Friday, March 1, 2024

Blazar - Fatal Cosmic Wound

Blazar is a death/sludge doom band from Spain who formed in 2017. “Fatal Cosmic Wound” is their full-length debut album; they have also released an EP and two splits.

This is certainly one of the bleakest and nastiest albums I've heard so far this year.  The music is darker than black, as if some sort of tear was opened in space but nothing much the unending void of death spilled out into the cosmos.

The music is slow and monolithic, brutal in ways that are hard to explain. The riffs are, of course, crushing–whether it is a low rumble or a sweltering static that hangs in the air, the guitars create quite the sweltering atmosphere.

The bass is like its own separate entity such are its monstrous tones. Music this slow requires drumming that is engaging but also needs to remain a stalwart foundation to hold up all this massive music.  Their drummer, B.C., handles all this with apparent ease.

The clean parts of the music offer no respite as they are a bridge that connects all this darkness together. 

Of the seven tracks, the four longer ones make up the meat of the album. In between these harrowing dirges, interludes of cosmic horror fill up the liking passages.

The first full song is the gigantic title track. Brackish waves of doom reverberate from the guitars as disgustingly effective death growls seep in between the heavy notes. The drums compliment the slow pace by allowing themselves to create rising action that ends in a huge riff, brutal vocal or staggering bass line.
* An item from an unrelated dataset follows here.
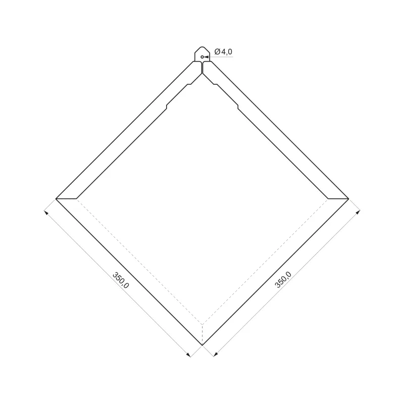 KJG Strešni romb velikosti 350 × 350 mm je sodobna in elegantna rešitev za poševne strehe z naklonom od 12°. Streha je zaradi pravilne štirikotne oblike estetsko in geometrijsko uravnotežena – idealna izbira za tradicionalne in sodobne objekte.

Around the eight minute mark, eerie synths take over the atmosphere, flooding the space with dangerous and alien tones. This part works well, a testament to the band's ability to keep the feel and themes of the song, and the others, on the same level even when they switch up the playing styles.

Beyond The Event Horizon” is a scary track that unnerved me but I wouldn't have it any other way. The way the band grabs hold of these cosmic horrors and steers them in such disturbing directions is fantastic.

This song is slightly faster, offering a more riff based structure rather than more distorted textures. It's still cavernous, cold, and permeating with unknown dangers. The lead guitar offers what amounts to melody for this band—it is another layer of bleakness. After the four minute mark, clean tones and a rousing drum performance creep the evil along through a stalking maze. 

One of the more adventurous and layered songs is “Crystallized Oblivion.” Its use of synths/keys brings it to another level, a new fear unlocked through the music of quiet desperation. At times the synths are subtle, other times they lead this doomed path. The vocals and drums slither their way through this nightmarish world, giving the guitars and synths plenty of room to work.

After the five minute mark, the music gets pretty out there in terms of psychosis horror. The music is clean at first, the keys being used to subtly drive me mad. The vocals creep back in, the bass begins to smother as the doom and synths become one.

The last full-length song is “Forgotten” but it won’t soon leave you.  This grimy, doomed ode to misery is everything I like about this style.  The bass is so deep, it's almost overpowering.  The riffs are so low they sink down into the muck, touching the edges of hell.  The vocal performance is among the best on the album, just truly hideous in the best way.  

All in all, this is a very surprising debut that seemed to come out of nowhere–but will definitely leave its clawed mark on many ears this year.  Any fan of extreme doom will be missing out if they let “Fatal Cosmic Wound” pass them by.